Furthermore, Lenny betrays many people because she cannot lie, including her beloved Ayah. When the Ice-candy-man arrives with his Muslim gang to kidnap Ayah, he uses his relationship with Lenny to persuade her into betraying Ayah’s hidden presence in the household (194). Lenny is devastated by her betrayal, and her family cannot believe her naivety. Everyone is shocked that Lenny would betray Ayah. In the aftermath, the Ice-candy-man forces Ayah into prostitution, as her pimp. Lenny blames herself for Ayah’s ruination, but the women in her family, including Godmother and Lenny’s mother, will not stop until they have found and rescued Ayah from the terrible life resulting from Lenny’s betrayal.

Subjugation of Women

Women are oppressed and sexually victimized repeatedly throughout the novel. Some examples include Papoo’s child marriage to a middle-aged dwarf; the rape, mutilation, and killing of women throughout the violence of Partition and its aftermath—as exemplified by the house of fallen women next door—; and specifically Hamida’s, Ayah’s, and Ranna’s stories.

The only glimmer of hope in the book about the treatment of women comes from Lenny’s mother and her gang of family and friends, who engage in dangerous, illegal work rescuing women from their oppressors and returning them to their families. Both Hamida and Ayah are success stories through their survival and their ability to continue their lives, though they remain broken.

Illusion versus Reality

Cracking India portrays the theme of illusion versus reality on several levels. As the novel opens during 1942, the illusion of a united India is already beginning to crack: Lenny sees the Salvation Army band as a frightening caterpillar that dissolves into individuals as the band approaches her (27).

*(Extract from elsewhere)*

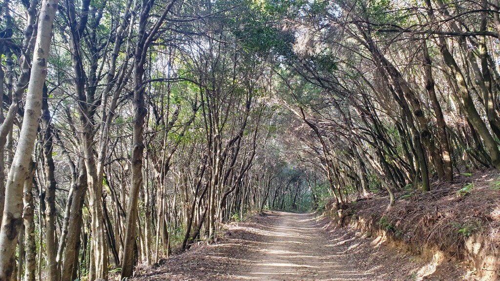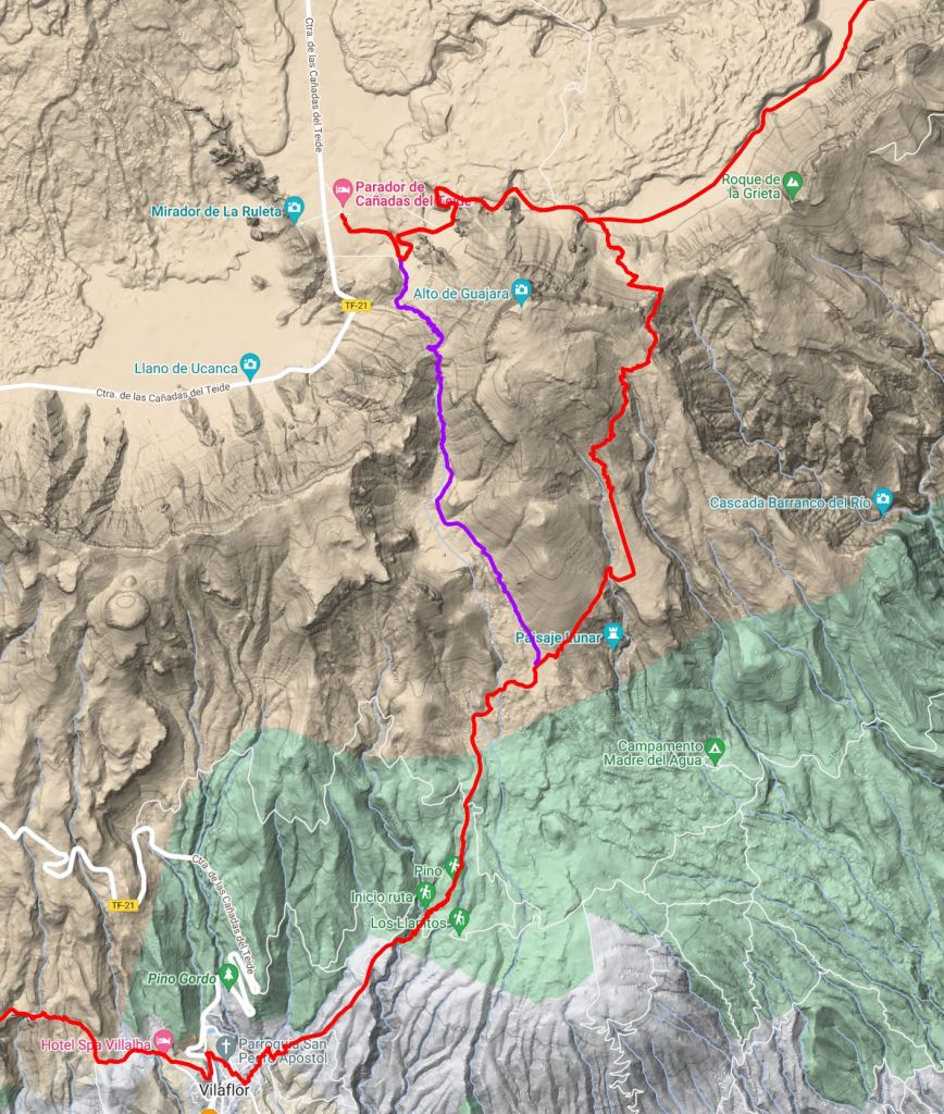 From there, the good trail climbed a bit more steadily to the edge of the treeline with views to raw lava hillsides above. I took a minor trail away from the GR131 rounding the west side of the hill of Guajara to get to the National Park centre at Parador. This looked an interesting route in itself and meant I avoided doing a part of the GR131 twice to get to Parador (purple line on map below).

Lenny herself retreats into a dream world rather than face the reality of her own life, though as a child with a deformity, she has plenty of reasons to evade reality. However, her growth demands that she face reality in the end; all of her illusions are shattered, even her illusions about her own goodness, as when she betrays Ayah.

Ice-candy-man’s changing character supports the illusion of his many identities: as a popsicle seller, a poet, a good friend to Lenny, a romantic in his pursuit of Ayah, and a spiritual prophet. However, the novel reveals him to be in actuality an angry, power-hungry man, cruel and cunning in the pursuit of his own best interests.

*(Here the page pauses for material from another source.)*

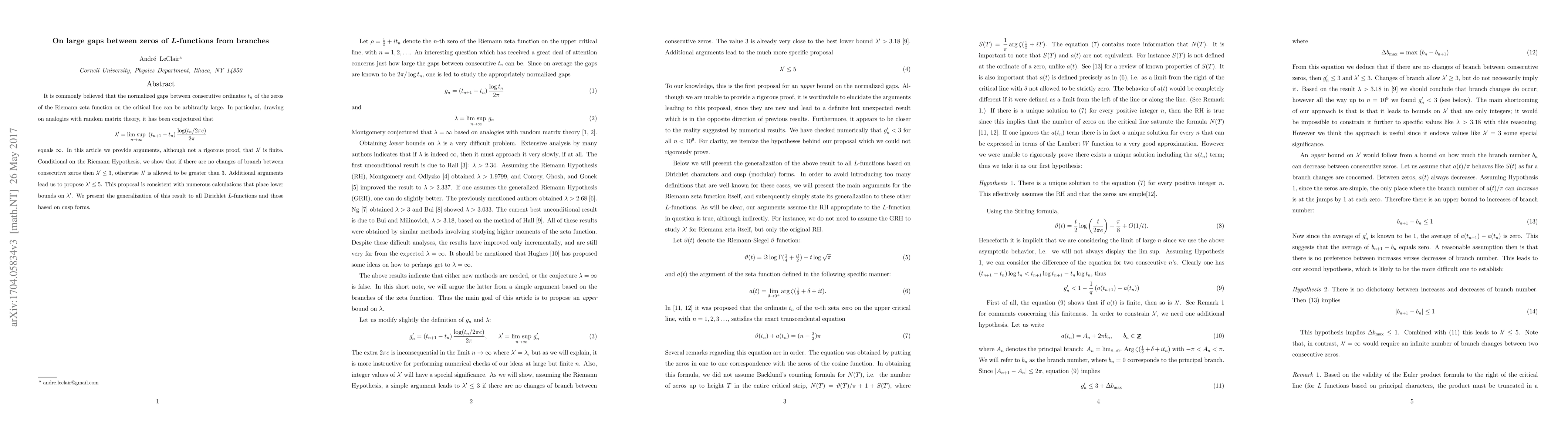 It is commonly believed that the normalized gaps between consecutive ordinates $t_n$ of the zeros of the Riemann zeta function on the critical line can be arbitrarily large. In particular, drawing on analogies with random matrix theory, it has been conjectured that $$\lambda' ={ lim ~ sup} ~( t_{n+1} - t_n ) \frac{ \log( t_n /2 \pi e)}{2\pi}$$ equals $\infty$. In this article we provide arguments, although not a rigorous proof, that $\lambda'$ is finite. Conditional on the Riemann Hypothesis, we show that if there are no changes of branch between consecutive zeros then $\lambda' \leq 3$, otherwise $\lambda'$ is allowed to be greater than $3$. Additional arguments lead us to propose $\lambda'\leq 5$. This proposal is consistent with numerous calculations that place lower bounds on $\lambda'$. We present the generalization of this result to all Dirichlet $L$-functions and those based on cusp forms.

In addition, Lenny believes that her mother and her aunt are burning parts of Lahore down with a hidden cache of black-market petrol, when in reality her mother, her mother’s friends, and other relatives secretly work to help women escape death and kidnapping. Lenny’s understanding is the opposite of what her mother is actually doing.

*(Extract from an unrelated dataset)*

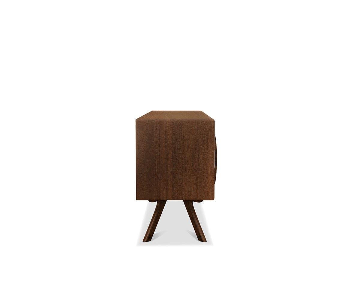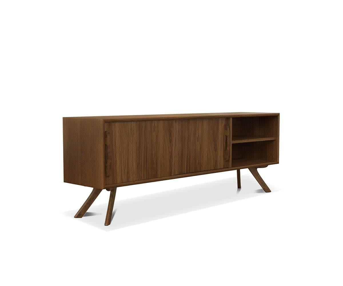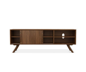 The Ardal Media Stand is a stylish mid-century blend of expressive form and useful function. Solid beech legs finished in a warm walnut stain feature sweeping mid-century angles that infuse any room with a sense of life and movement. The case itself comes with solid walnut handles and ample storage space: on one side of this piece two open cubbies complete with cord-organizing cutouts stand ready to store your various media equipment. On the other side of this media stand sliding doors offer you the opportunity to tuck away other living room or media necessities.

Finally, adults often create illusions to protect their children. One example is Lenny’s mother’s story of the little mouse with seven tails. Though the little mouse originally loses all of his tails to the cruelty of the other teasing mice, Lenny’s mother changes the ending of the story and leaves the little mouse with one triumphant tail. This story symbolizes Lenny’s mother’s attempts to protect Lenny, even from a sad children’s story. Additionally, Lenny’s mother does not trust her daughter with the truth about her secret work rescuing abused women and returning them to their families, even though this important work involves all the women of the Sethi clan, as well as their friends. Parents such as the Sethis keep the children in the dark, intending to not frighten them with the truth. However, just as Lenny and her brother find the gun in the bathroom, the children always find out what the parents are trying to hide.